[REBOL] Re: possible data format ... Re: Re: dbms3.r 01
From: joel:neely:fedex at: 15-Jan-2002 9:37
HI, Rod,
Nice summaries!
Rod Gaither wrote:
> This would be nice but I'm not sure it is reasonable for records
> with a large text block. One of the things I'd like to avoid is
> imposing limits on record size so something like a webpage could
> be a record if desired.
>
I think the underlying issue is which data types (in the generic
sense of the word) should be supported. Many databases with which
I'm familiar treat "running text" (with large size potential) as a
different type than "character data field" (with some upper limit
on capacity). To avoid dependence on filesystem issues (assuming
we DO want to stay away from entanglement with any specific OS
features/limits) one strategy is to store string data up to a
certain size within the record; above that size, each such value
would be kept in a separate file, with the name of the file as a
string within the original record.

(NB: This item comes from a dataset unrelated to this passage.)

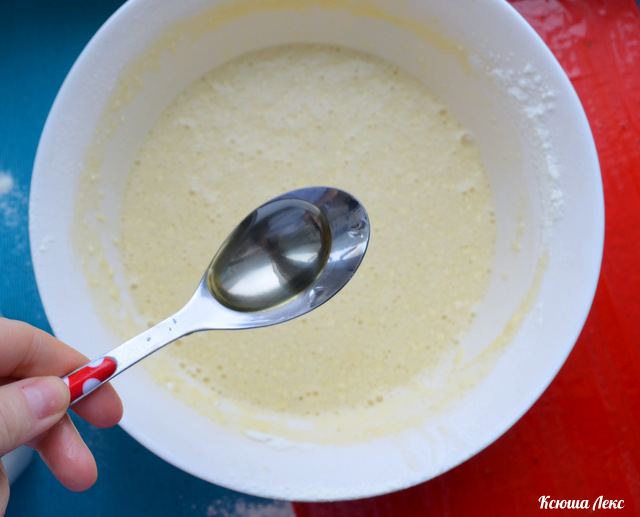 № 6. Чтобы тесто не прилипало, добавляем 1 столовую ложку растительного масла.

Certainly not the fastest
option for some purposes, but it does allow such things as searches
on non-running-text fields (e.g. keys) to be done without the
overhead of reading/skipping the big chunks.
The same approach can be used for BLOb data.
> >
> >- new AND UPDATED AND DELETED records are appended to the end of
> > the file
>
> This is something I have considered as well. Another option would
> be to have a transaction file or files that either contain whole
> record changes or just "individual operations". This audit/log
> could then be applied via a utility to update the main data file
> when desired. Updating the main file would improve the read
> operations and bring the db back into an easy to view form.
>
Perhaps I should have been more explicit. I assumed the existence
of a utility, also alluded to in Petr's post, which would "pack"

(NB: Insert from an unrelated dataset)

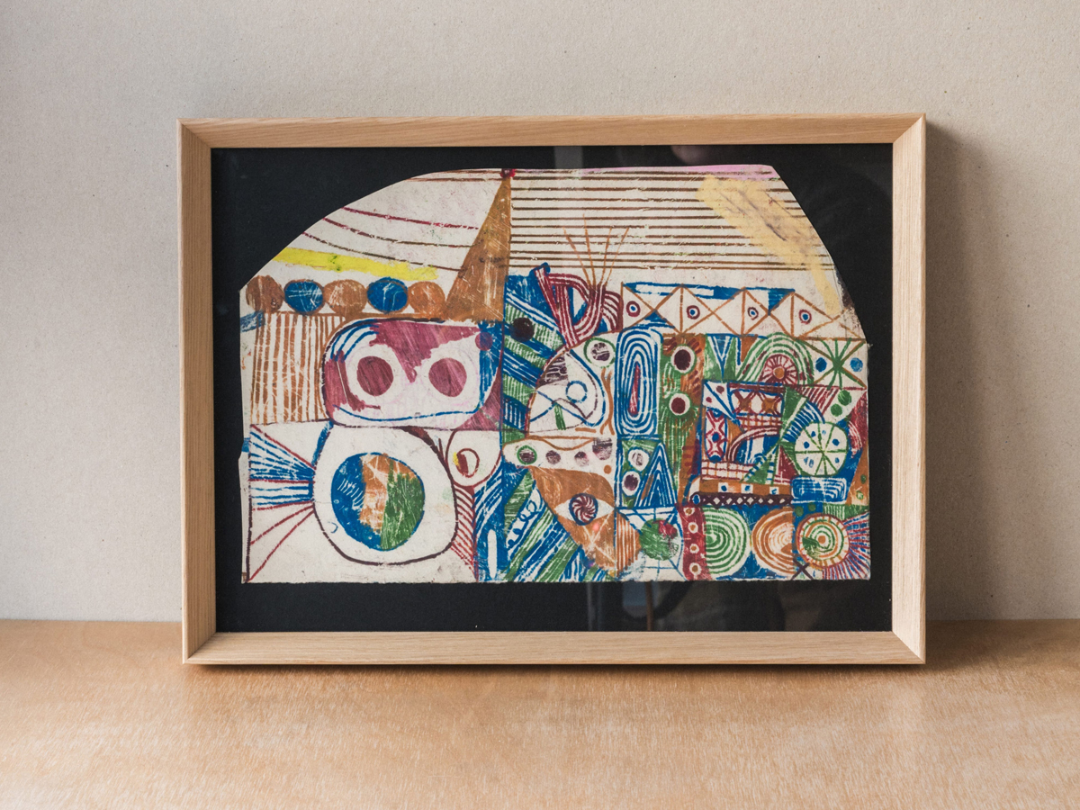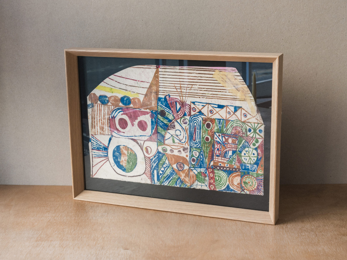Monoprint (with the drawing on the reverse of the paper) using oil-based pastels on Kitakata 110gsm handmade Japanese paper with a deckle edge. Framed in a bevelled-edge oak frame, mounted and glazed, artwork size 305mm wide x 200mm tall, frame size 350mm wide x 255mm tall x 30mm deep.

the data back to canonical form (one physical record per logical
record). A trivial variation on that utility also allows for
viewing the data without actually rewriting the packed file to disk.
The "append all stuff" strategy essentially puts the log (audit trail)
within the file itself. I believe it's faster to do that with one
file (scanned as needed when un-packed) than with a separate main
and transaction files.
> All of these issues show the trade offs in the different operations
> you need to do on the database. Read and search performance
> versus update and write operations and so on. They conflict quite
> a bit with the organization I would pick to keep the data in a single
> file with visually "nice" organization. :-(
>
Simplicity imposes limits. I don't know how to define it except
with respect to intended uses.
The simplest format I know (from the point of view of writing code
to read the data) is fixed-field layout, where each data element is
right-blank-padded (if it is "string-like") or left-zero-padded (if
it is "number-like") to constant size across all records.
1013John Doe 1983221
3253Hermione Fibbershins 1984616
4506ThrockmortonWilberforce 1985703
5323Johannes Dingsda 1988445
7151Tuxedo Penguin 1995499
9598Bill Cat 1997525
The simplest format I know (from the point of view of a human trying
to look at the raw data is a forms-like presentation with explicit
labels for all data values:
Employee ID: 1013
First Name: John
Last Name: Doe
Year Hired: 1983
Office: 221
Employee ID: 3253
First Name: Hermione
Last Name: Fibbershins
Year Hired: 1984
Office: 616
Employee ID: 4506
First Name: Throckmorton
Last Name: Wilberforce
Year Hired: 1985
Office: 703
Employee ID: 5323
First Name: Johannes
Last Name: Dingsda
Year Hired: 1988
Office: 445
Employee ID: 7151
First Name: Tuxedo
Last Name: Penguin
Year Hired: 1995
Office: 499
Employee ID: 9598
First Name: Bill
Last Name: Cat
Year Hired: 1997
Office: 525
I have a strong motivation to make it *possible* for humans (e.g.,
me!) to read my data files since that's often useful for debugging
and troubleshooting. However most of the access is done by programs,
so I tend to make it "just enough" human readable and prefer to ease
the parsing burden on the program.
-jn-